French law forbids testing without medical justification and so as a result its women's team was barred from competing: they were tested on arrival in England but missed the deadline for submitting the results.
IOC president Kirsty Coventry said on Thursday: “If it is illegal in a country, athletes will have the possibility when they travel to other competitions to be tested there."
Question: What are the consequences for the athletes?
Those who have two X chromosomes can compete, and will not have to undergo a new test.
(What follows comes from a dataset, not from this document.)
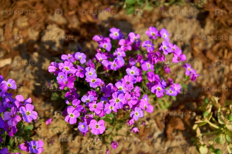 Вид сверху на маленькие фиолетовые цветущие цветы. Летнее поле в цвету

But for those who test positive in the SRY test, there are two possible solutions.
Either they produce other factors in their defence, for example proof that their body does not know how to use the testosterone, or they show evidence of possessing female genitalia.
This is what happened in the eight "SRY" cases detected at the 1996 Atlanta Olympics, who were cleared as eligible to compete, and Taiwan's 2024 Olympic boxing champion Lin Yu-ting, who was recently cleared to compete in the female category in World Boxing events, after the latter's medical experts ruled she was female.
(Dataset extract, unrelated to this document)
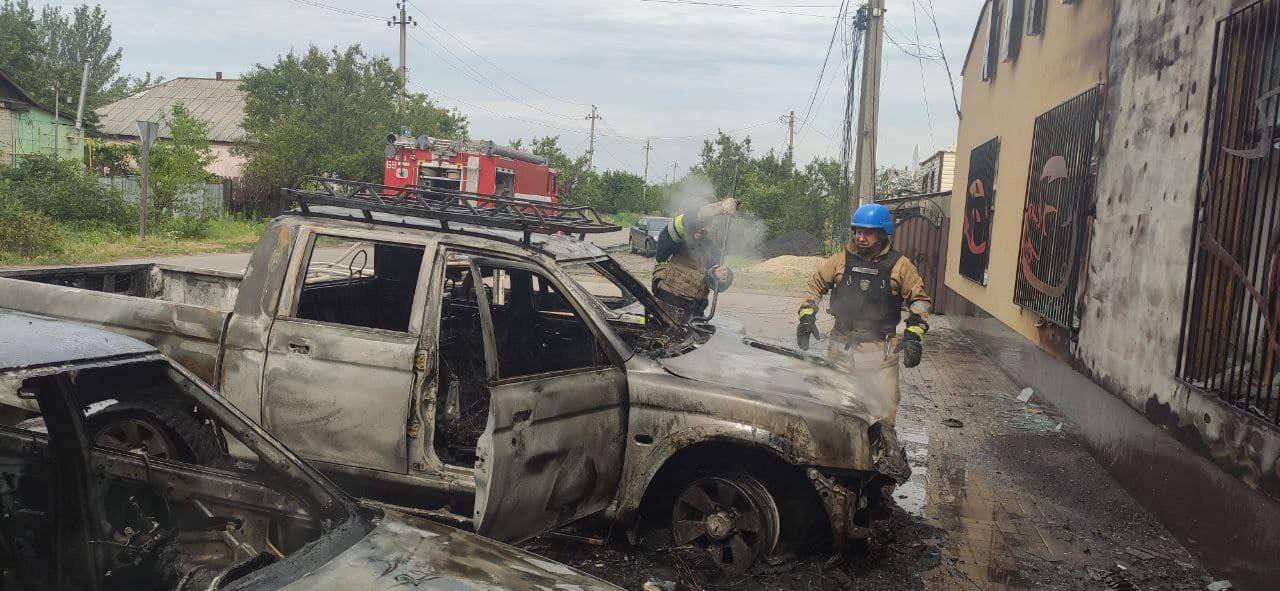 Спасатели потушили пожар частного жилого дома, пристройки к типографии и трех легковых автомобилей, загоревшихся в результате обстрела.

However, committing oneself to this battle compels the athlete to undergo costly and complex investigations, either genetic sequencing, or an intrusive gynaecological examination.
For others the impact goes way beyond being disqualified, as the athletes suffer loss of income and social shame.
"Our dreams were broken and our lives turned upside down," nine athletes who have differences in sexual development (DSD), including South Africa's two-time Olympic women's 800m champion Caster Semenya, said in a letter to Coventry on Wednesday.
"Some among us were disowned by members of their family, missed out on the possibility of receving an education and were forced to leave their country", while others also had to undergo "harmful and pointless medical interventions", they said.
Question: Are the tests relevant to sport?
The IOC's previous policy -- under Coventry's predecessor Thomas Bach -- dating back to 2021 left it up to each international federation to set its own rules.
Nevertheless it did offer guidance to rely on data, without "presuming" that those with differences in sexual development or transgender automatically enjoy "a disproportionate competitive advantage".
Supporting this premise is that no scientific consensus has been reached in the intervening years to link sporting performance with possessing the SRY gene, taking into consideration a broad range of events such as sprinting, gymnastics, judo or shooting.
"The interest of these tests for sporting bodies is to 'target' both transgender and those with differences in sexual development", putting an end to distinct regulations, said Pape.
"However, while there is some data on trans athletes, there is no independent study on the performances of those with differences in sexual development."
The most damning response to the reintroduction of the testing for the SRY gene comes from the scientist who discovered it, Andrew Sinclair.
The idea that the biological sex be entirely defined by chromosomes is "overly simplistic" given the role played by the "hormones, genital organs and secondary sexual characteristics", he said last year.
"Along with numerous other experts, I convinced the IOC to abandon the use of the SRY test before the 2000 Olympics in Sydney," he said.
"It is therefore extremely surprising years later there is an ill-advised move to reintroduce it," he added.